May 31, 2012

ALISON WONDERLAND

by Helen Smith  
189 pages, Mariner Books

Review by Marc Nash

"Alison Wonderland" is a slyly subversive book. Therefore depending on a reader's preconceptions, they will either delight in it like me or I suspect, the other pole of response is to be somewhat baffled by it.

Alison Temple is also known as Alison Wonderland. She attempts to reinvent herself after discovering her spouse is unfaithful to her. But you can only change certain superficial things about your personality, not your deepest inner core. Alison operates on two levels, the confident, professional private investigator (cases of marital infidelity and politically sensitive industrial espionage); and the inner city single girl to whom things happen rather than her driving events forward in a search for love and fulfilment.

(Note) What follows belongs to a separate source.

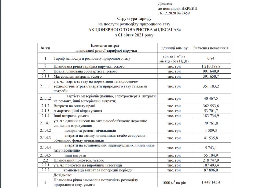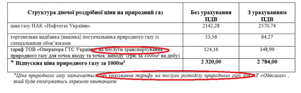 *встановлений НКРЕКП для АТ "Одесагаз" із розрахунку місячної вартості одного кубічного метра замовленої потужності).

Part of the novel is a love letter to London. A dualistic wonderland in and below the level of vision and comprehension. Dark forces are at work, forces that invade her personal life and lead her to go on the run in a very sedate road trip to Weymouth, fuelled by sweets and chocolates from Woolworths and roadside garages. A road trip undertaken with her best friend Taron, a sexy Clubber and girl about London town, but behind which is a romantic, off-kilter spiritual woman who is also a pathological liar and fantasist. If Alison herself is a character the author has reined in, Taron is a freewheeling, wildly comic invention. The two spark off one another perfectly, Taron in her madcap schemes such as seeking to find an abandoned newborn to offer as a gift to her witch mother to help her failing powers, Alison all practicalities of how to care for it with nappies and milk and consequent musings on her own love life and future progeny. These two single girls pursuing a night out in a Weymouth club is perhaps the highlight set-piece scene in the book. An absolute hoot and a rave as they desperately seek the means of pleasure within a very desultory pleasure palace indeed.

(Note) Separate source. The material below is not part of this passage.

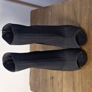 Elegant black strechy knit boots with peep-toe design. Stylish, sexy, unique, and glamorous. Fit like a glove, won't slip, pull on, 4" heel. In excellent pre-owned condition, worn only a couple of times.

The narrative of the book means that it avoids having set-piece scenes on the whole. Some chapters veer vertiginously so that there is seemingly no link to what has just preceded, though this settles down from about halfway through the novel. Again this is the subversive hue of the book. No clear genres. No fully defined plot arc. Characters who are more real and yet somehow ethereal as they float through the novel synchronously to events. These are people just trying to live their lives and just as Alison in her work has to spy and throw the light on the people she has under scrutiny, so the author has a similar spotlight cast on Alison and her friends. Sometimes they are in the full illumination of the spotlight, sometimes their activities are barely caught in its margins. Personally I found this very satisfying. The human scale was perfectly rendered, rather than fictional devices and conceits having to be employed to resolve things or hurry the action along.

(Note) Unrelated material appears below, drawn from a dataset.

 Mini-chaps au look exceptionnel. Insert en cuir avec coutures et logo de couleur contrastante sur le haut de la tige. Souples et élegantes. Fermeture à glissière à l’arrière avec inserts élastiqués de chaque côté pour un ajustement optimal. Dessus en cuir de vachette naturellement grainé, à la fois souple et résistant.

Ultimately this is a book about whether the characters inhabit their lives as an active, conscious decision, or live adrift within it, as events and other people pass through, unable to affect anything much in the way of interaction or relationship with them. Which side of the looking glass do you want to live on? "I can't do anything spontaneous, like going to the pictures or meeting up for a drink with friends and it makes me feel frustrated and powerless. I might just as well be standing at the window watching for my husband again". There is little trite redemption within these pages. Instead the reader is left painting scenarios of minor triumphs and gnawing regrets that the characters continue to experience beyond the life of the book. And that I think is no mean triumph of the novel itself. And a little subversive too, in its own way.